Este hallazgo es relevante porque demuestra que la picazón no es solamente una molestia cutánea. En las enfermedades que afectan los conductos biliares, este síntoma puede repercutir en el descanso, la energía diaria y la calidad de vida, incluso antes de que aparezcan señales más evidentes.
Cuándo investigar los conductos biliares
La evaluación médica resulta especialmente importante cuando la picazón es persistente, no mejora con hidratación ni con antihistamínicos habituales, o aparece junto con otros síntomas generales. Entre los aspectos que el médico puede analizar se encuentran:
- Análisis de sangre como fosfatasa alcalina, GGT y bilirrubinas.
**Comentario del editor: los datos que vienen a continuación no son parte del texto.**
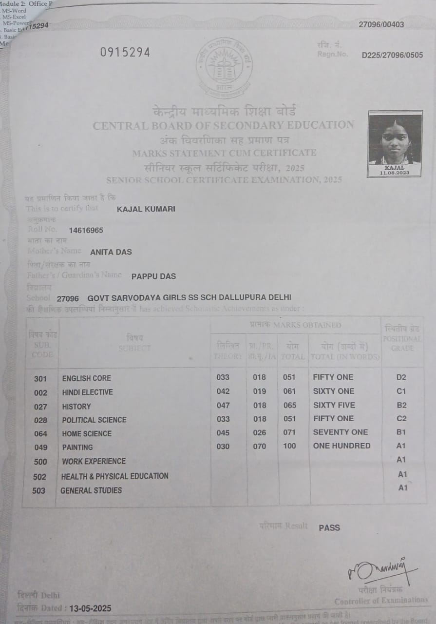 | Exam | Full Marks | Pass Marks | Marks Obtained |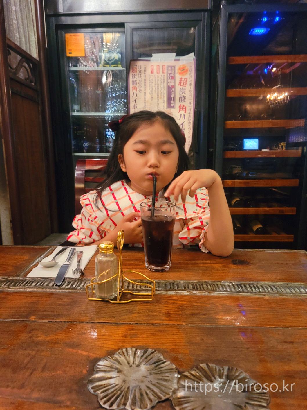 어린이날을 맞아 대우해주기 위해 특별히 제로 콜라도 하나 시켜주었다. 직원분이 센스있게 얼음잔을 두 개 주셔서 아이와 나누어 마시게 해주었다. 돈까스에는 콜라가 역시 잘 맞는다.

- Marcadores autoinmunes, como el anticuerpo antimitochondrial.
- Ecografía u otros estudios por imágenes del hígado y las vías biliares.
- Antecedentes de enfermedades autoinmunes, trastornos de la tiroides o uso de determinados medicamentos.
- Presencia de ictericia, pérdida de peso o dolor abdominal.
La colangitis biliar primaria aparece como una enfermedad crónica en la que el sistema inmunológico ataca los conductos biliares del hígado. Esta afección puede provocar síntomas como picazón, fatiga, sequedad bucal y sequedad ocular.